Unit-Level Alarm Rates
To compare unit-level rates, we performed an interrupted time series analysis using segmented (piecewise) regression to evaluate the impact of the intervention.19,20 We used a multivariable generalized estimating equation model with the negative binomial distribution21 and clustering by unit. We bootstrapped the model and generated percentile-based 95% confidence intervals. We then used the model to estimate the alarm rate difference in differences between the baseline data collection period and the postimplementation data collection period for intervention versus control units.
Patient-Level Alarm Rates
In contrast to unit-level analysis, we used an embedded cohort design to model the change in individual patients’ alarms between the 24 hours leading up to huddles and the 24 hours following huddles in patients who were versus patients who were not discussed in huddles.

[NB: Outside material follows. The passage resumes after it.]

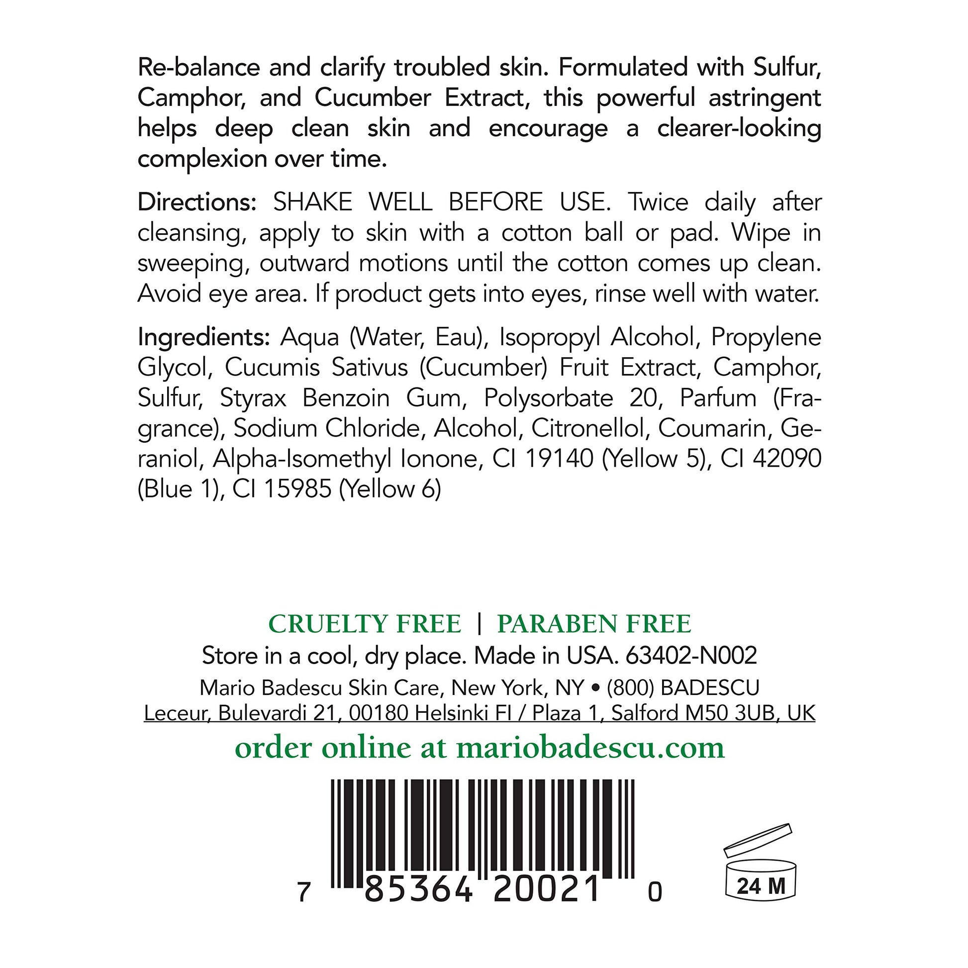 Details: Clarify and deeply cleanse problematic skin, clogged pores with this cooling and purifying lotion face toner for women & men. Specially formulated with Cucumber and Camphor to help cool, soothe, and calm skin. While Sulfur helps to clarify skin and draw out pore-clogging impurities.

The analysis was restricted to the patients included in intensive data collection days. We performed bootstrapped linear regression and generated percentile-based 95% confidence intervals using the difference in 4-hour block alarm rate between pre- and posthuddle as the outcome. We clustered within patients. We stratified by unit and preceding alarm rate. We modeled the alarm rate difference between the 24-hour prehuddle and the 24-hour posthuddle for huddled and nonhuddled patients and the difference in differences between exposure groups.